We present the first detailed comparative analysis of popular early epidemic detection algorithms on Google Flu Trends data. We note that realizing this opportunity requires moving beyond the cumulative sum and historical limits method-based normal distribution approaches, traditionally employed by the CDC, to negative binomial- and Poisson-based algorithms to deal with potentially noisy search query data from regions with varying population and Internet penetrations. Based on our work, we have developed FluBreaks, an early warning system for flu epidemics using Google Flu Trends.

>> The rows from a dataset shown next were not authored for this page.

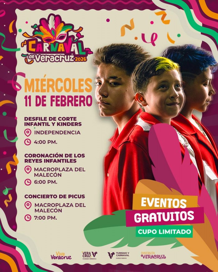 Veracruz, Ver.- (AVC) El Carnaval de Veracruz 2026 realizará el miércoles 11 de febrero actividades dirigidas al público infantil, con desfile, coronación y concierto en el bulevar y la Macroplaza del Malecón.
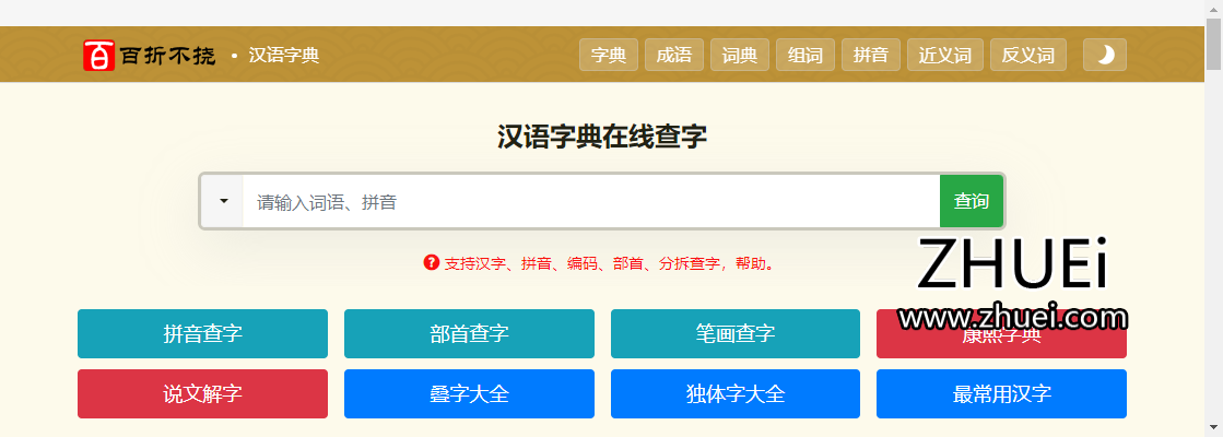 汉语字典,收录各类汉字共9万4千多个,是国内收录汉字最多、最全、最专业、功能最多的免费在线查字网站之一。覆盖了新华字典中所有汉字,还包括了9000多个汉字的书写动画和笔顺笔画规范。您可以查询相关汉字的拼音、读音、字义、解释、引证、输入法、书写动画、笔顺笔画、各类编码、康熙字典、说文解字和翻译等等。
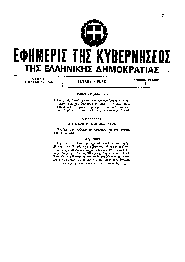 'ΚΥΡΩΣΗ ΤΗΣ ΣΥΜΒΑΣΗΣ ΚΑΙ ΤΟΥ ΠΡΟΣΑΡΤΩΜΕΝΟΥ Σ'' ΑΥΤΗΝ ΠΡΩΤΟΚΟΛΛΟΥ ΠΟΥ ΥΠΟΓΡΑΦΤΗΚΑΝ ΣΤΙΣ 12 ΙΟΥΝΙΟΥ 1980 ΜΕΤΑΞΥ ΤΗΣ ΕΛΛΗΝΙΚΗΣ ΔΗΜΟΚΡΑΤΙΑΣ ΚΑΙ ΤΟΥ ΒΑΣΙΛΕΙΟΥ ΤΗΣ ΝΟΡΒΗΓΙΑΣ ΣΤΟΝ· ΤΟΜΕΑ ΤΗΣ ΚΟΙΝΩΝΙΚΗΣ ΑΣΦΑΛΕΙΑΣ.'
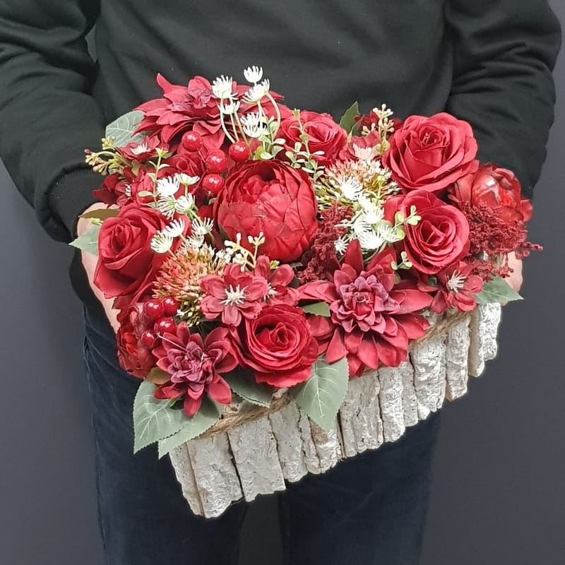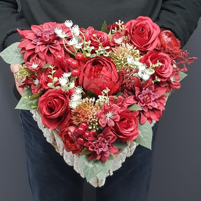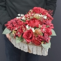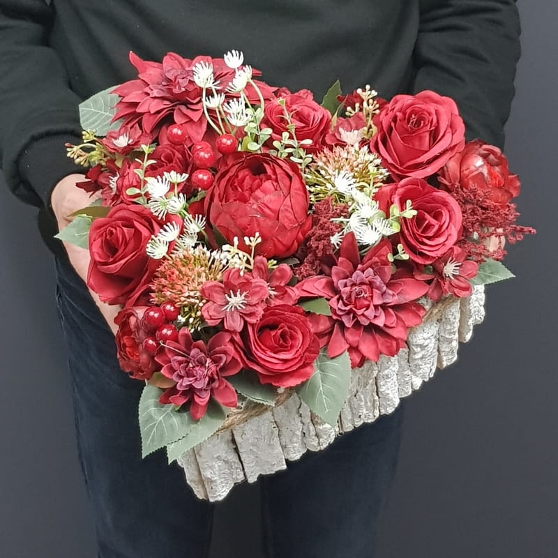 Oryginalna kompozycja nagrobna osadzona w drewnianej donicy w kształcie serca. Postawa jest obciążona cementem. Została wypełniona dużą ilością średnich i drobnych kwiatów i dodatków w przepięknej, stonowanej kolorystyce.
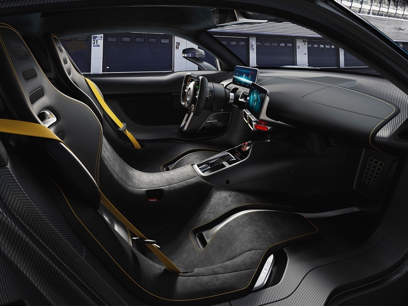 Интерьер гиперкара — в стиле минимализма: ни грамма лишнего. Материалы отделки: углеволокно, кожа, алькантара, алюминий. Рулевое колесо напоминает руль Формулы-1: прямоугольное, с кучей кнопочек / управлением режимами движения и настройками подвески.
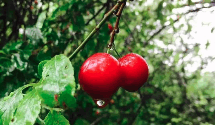 | 品质特征 | 霍城樱桃李外观形似樱桃色如李,故名樱桃李,又俗称野酸梅。果实为小浆果,近球形或椭圆形,微被蜡粉,呈紫黑、紫色、紫红、红色、黄色等多种颜色,粒径~厘米,鲜果单果重.6~9.克,果味酸甜可口,略偏酸性,果汁色泽深红诱人,是提纯上好天然色素的基料。樱桃李是干鲜兼用果品,即可加工成酸梅干,果脯,又是制作饮料、果酱、果酒等保健饮品的上佳原料。 |
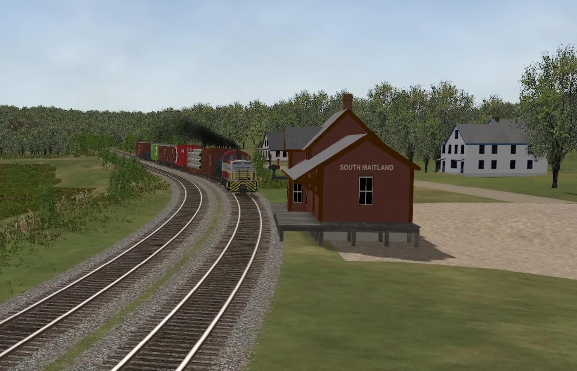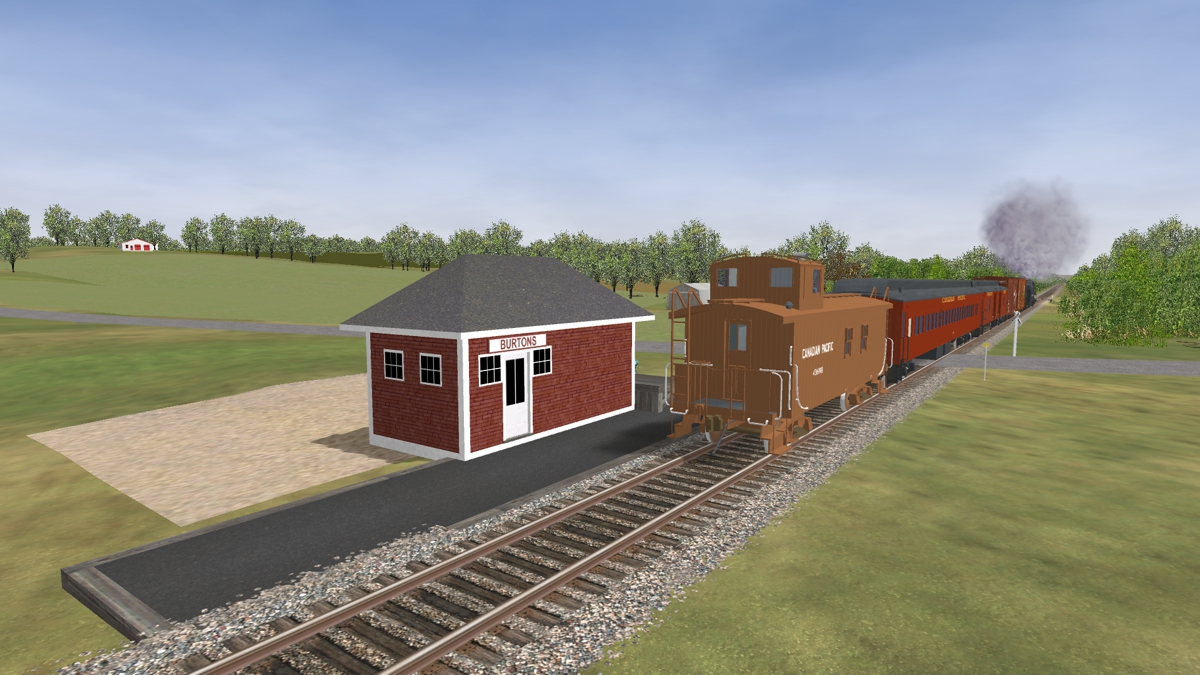 All the track has been laid for years, you should have it in the beta from a while back. There is one thing I need to fudge, the turntable and engine stalls in the roundhouse. The Kentville turntable tracks are on 8 degree centers, CN used 7 1/5 degree centers. MSTS/OR only has a turntable track that's 27.8m long, that's 88 feetish. So Kentville is a bit too long and CN Truro is going to be a bit too short (should be 92 feet). I have no choice and I don't think it's possible to have two different turntables using the same 27.8m track, so both will be the same models. That said, the DAR will still be leasing two stalls in the CN enginehouse and you will be able to run in and out of it.

谷歌流感趋势服务于2008年推出,用于追踪与流感样症状相关的在线搜索查询量的变化。在过去几年中,该服务生成的趋势数据与美国疾病控制与预防中心(CDC)收集的实际流感报告数量呈现出一致的关系,常常能在CDC记录之前数周就识别出流感病例的增加。然而,与普遍看法相反,谷歌流感趋势并非一个早期疫情检测系统。相反,它被设计为疾病病例数量趋势或变化的基线指标。
评估这些趋势能否作为疫情早期预警系统的基础。
我们首次详细分析了如何将谷歌流感趋势用作构建一个全自动疫情早期预警系统的基础,该系统比CDC所使用的方法更早。基于我们的工作,我们提出了一种基于谷歌流感趋势数据的新型早期疫情检测系统,名为FluBreaks(dritte.org/flubreaks)。我们比较了三种算法的准确性和实用性:正态分布算法、泊松分布算法和负二项分布算法。我们探讨了这些方法的相对优点,并将我们的发现与谷歌流感趋势提供数据的地区的互联网普及率和人口规模变化相关联。

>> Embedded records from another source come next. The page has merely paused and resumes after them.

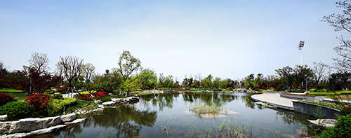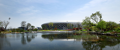 据夏修智介绍,奥体公园是工程的主要景观节点,位于奥体中心西北侧,面积约5万平方米,是一座集娱乐、运动为一体的特色滨水运动公园,也是整个奥体中心的“绿肺”。一条蜿蜒的河流将公园划分为东部运动区和西部休闲公园区。运动区紧挨训练中心,东侧便是足球场、篮球场和排球场,运动后就能感受到融入大自然的清新;休闲公园区包括入口广场、树阵广场、以及河水汇聚而成的小人工湖,湖边芦苇迎风摆动,湖水清澈见底,鹅卵石铺就的湖底清晰可见。整个奥体公园以中国古典园林为主、回归自然的组团式造景手法,强调休闲、幽静、生态自然。从西入口广场的草坡,逐渐过渡到观赏性强的观花、观叶园林树种,配合灌木、草木、地被形成人为景观,从西到东植物次第减少,层次不断变化,形成了从自然生态状绿化到人工几何状绿化的逐渐过渡,让自然的活力与体育精神融为一体。
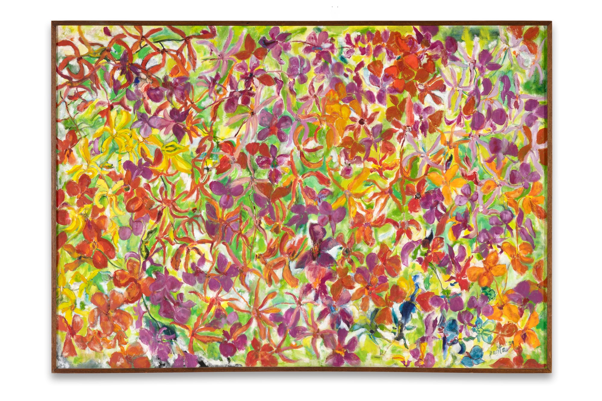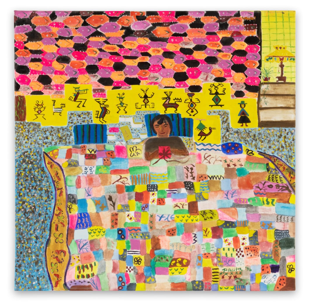 Then there is the work itself. Examples of the artist’s earliest sketches, paintings, pastels, and linocuts indicate an early love of maximalism and color-play, but the influence of fabric motifs became readily apparent in the ’70s. One archival photograph pictures Abad backdropped by a phulkari from Lahore, Pakistan (purchased in 1973), a motif that later appears in the upper field of the painting “Foothill Cabin” (1977).
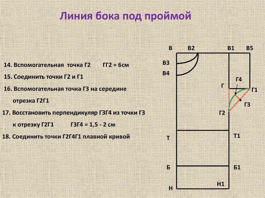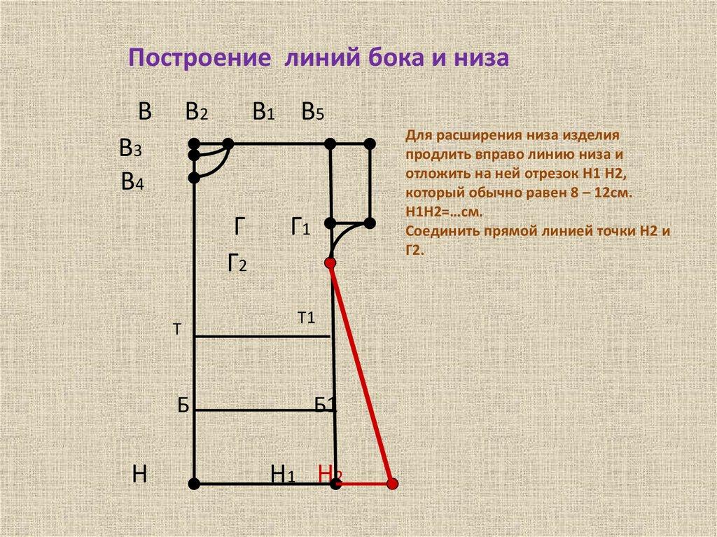 От точки В вправо по линии плечаотложить ширину изделия ВВ1,
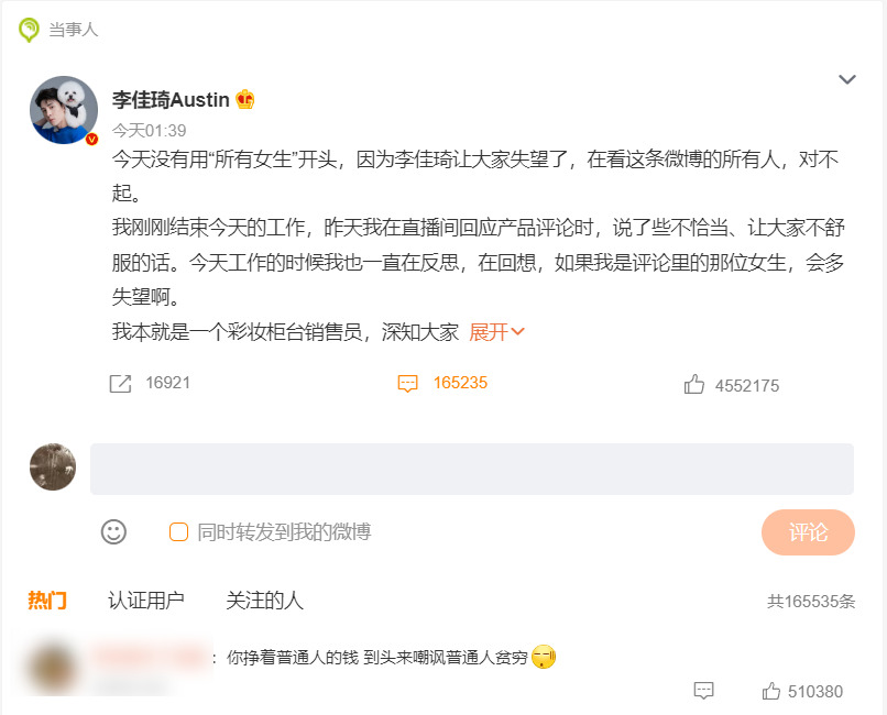 虽然李佳琦立马就跳出来道歉,但已经没办法控制观众们的情绪了。

在我们的真阳性百分比(RTP)、假阳性百分比(RFP)、重叠百分比(OT)和早期警报百分比(EA)等性能指标方面,基于泊松和负二项分布的算法在除RFP之外的所有指标上表现更好。基于泊松的算法在RTP、RFP、OT和EA方面的平均值分别为99%、28%、71%和76%,而基于负二项分布的算法在RTP、RFP、OT和EA方面的平均值分别为97.8%、17.8%、60%和55%。此外,EA也受地区人口规模的影响。对于基于负二项分布和泊松的算法,人口较多的地区(地区4和6)的EA值高于地区10(人口最少)。基于负二项分布和泊松的算法的差异平均分别为12.5%和13.5%。
我们首次对基于谷歌流感趋势数据的流行早期疫情检测算法进行了详细的比较分析。我们指出,要实现这一机遇,需要超越CDC传统采用的基于累积求和和历史极限方法的正态分布方法,转而采用基于负二项分布和泊松的算法,以处理来自人口和互联网普及率不同地区的潜在噪声搜索查询数据。基于我们 的工作,我们开发了FluBreaks,这是一种利用谷歌流感趋势的流感疫情早期预警系统。